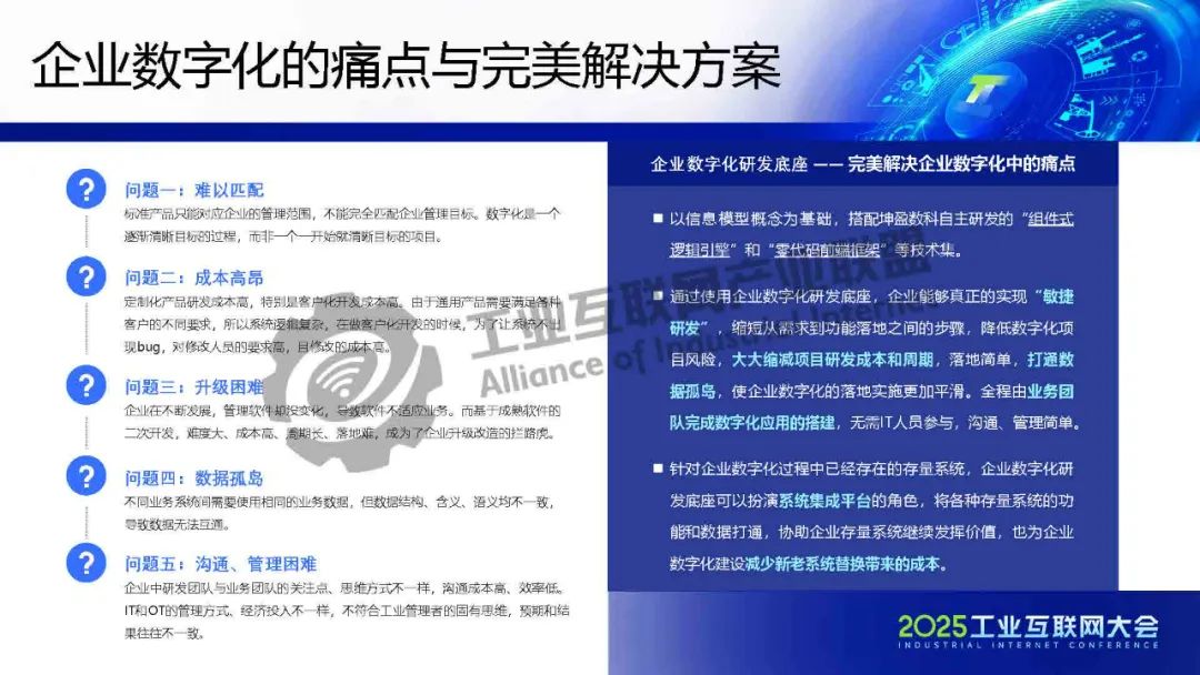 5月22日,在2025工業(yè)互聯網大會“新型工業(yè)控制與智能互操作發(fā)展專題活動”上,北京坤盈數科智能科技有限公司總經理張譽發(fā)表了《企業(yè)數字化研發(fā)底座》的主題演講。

* * *

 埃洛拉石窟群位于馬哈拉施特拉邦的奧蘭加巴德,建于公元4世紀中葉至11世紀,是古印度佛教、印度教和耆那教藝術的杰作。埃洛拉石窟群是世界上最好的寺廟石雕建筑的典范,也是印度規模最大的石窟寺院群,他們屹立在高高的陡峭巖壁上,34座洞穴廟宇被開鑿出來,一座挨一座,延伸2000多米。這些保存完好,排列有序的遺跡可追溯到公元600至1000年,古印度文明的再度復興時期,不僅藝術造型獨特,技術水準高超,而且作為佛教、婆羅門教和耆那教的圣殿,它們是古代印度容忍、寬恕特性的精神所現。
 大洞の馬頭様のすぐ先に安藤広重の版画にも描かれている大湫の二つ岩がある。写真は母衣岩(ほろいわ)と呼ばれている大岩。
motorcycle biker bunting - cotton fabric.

...

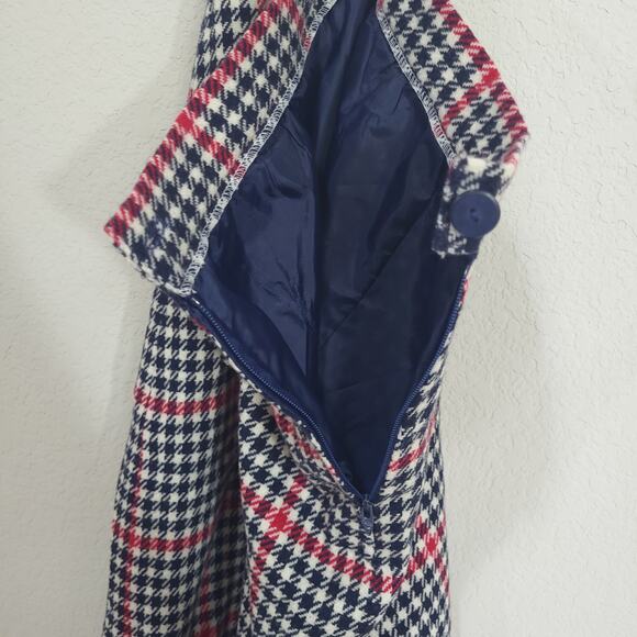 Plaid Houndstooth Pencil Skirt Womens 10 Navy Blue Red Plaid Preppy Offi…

• _Exercise objective_
Only one stretch of the records above is wanted: the lines between the one holding "大洞の馬頭様のすぐ先に安藤広" and the one holding "motorcycle biker bunting - cotton fabric.", inclusive, reproduced exactly.

• _Task result_
 大洞の馬頭様のすぐ先に安藤広重の版画にも描かれている大湫の二つ岩がある。写真は母衣岩(ほろいわ)と呼ばれている大岩。
motorcycle biker bunting - cotton fabric.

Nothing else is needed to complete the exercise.